## HOW TO COMPLETE THIS TASK
In the records below, find the line with "African- American Choir of Angels in Heaven" and the line with "Christmas Pageant Committee"; return exactly those lines and every line between them.

== DATA LISTING ==

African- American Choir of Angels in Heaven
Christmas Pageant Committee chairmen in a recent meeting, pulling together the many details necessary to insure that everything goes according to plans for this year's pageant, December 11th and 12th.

===
== DATA LISTING ==

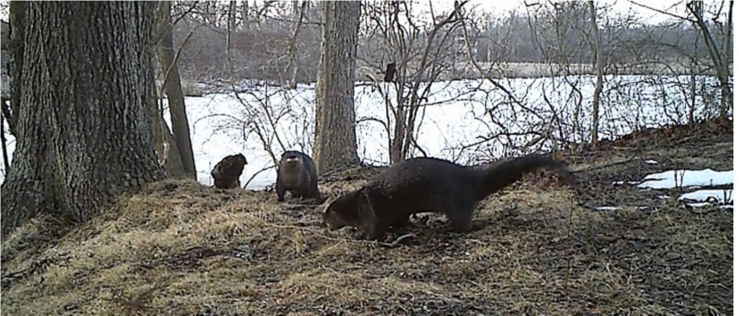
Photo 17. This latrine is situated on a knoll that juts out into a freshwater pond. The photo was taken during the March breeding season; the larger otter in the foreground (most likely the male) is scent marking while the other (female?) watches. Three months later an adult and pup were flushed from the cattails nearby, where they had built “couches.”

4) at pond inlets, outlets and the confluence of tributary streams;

===
== DATA LISTING ==

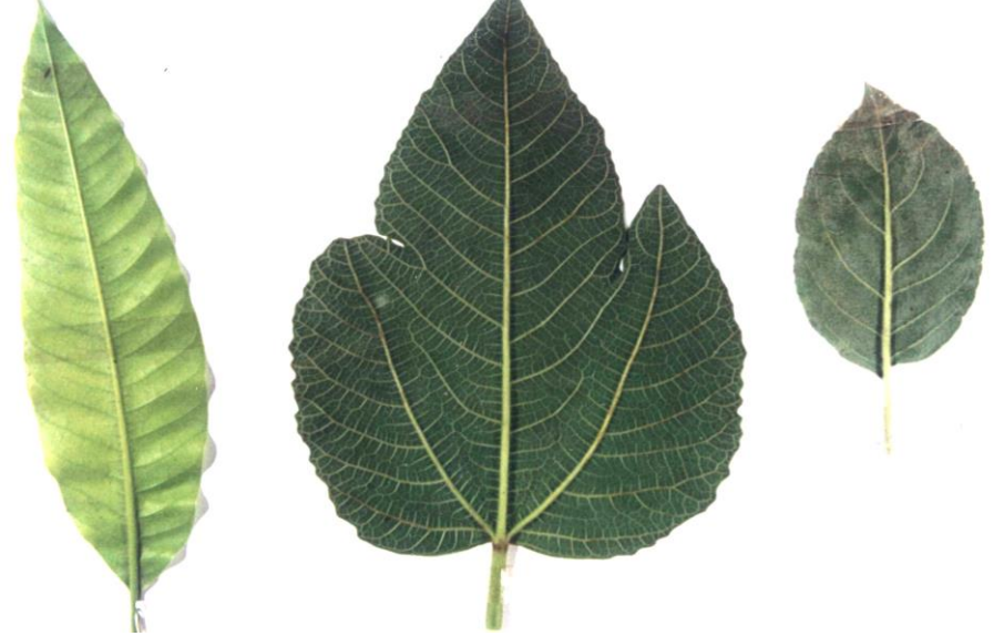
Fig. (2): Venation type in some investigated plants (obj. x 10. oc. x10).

===

## COMPLETED TASK
African- American Choir of Angels in Heaven
Christmas Pageant Committee chairmen in a recent meeting, pulling together the many details necessary to insure that everything goes according to plans for this year's pageant, December 11th and 12th.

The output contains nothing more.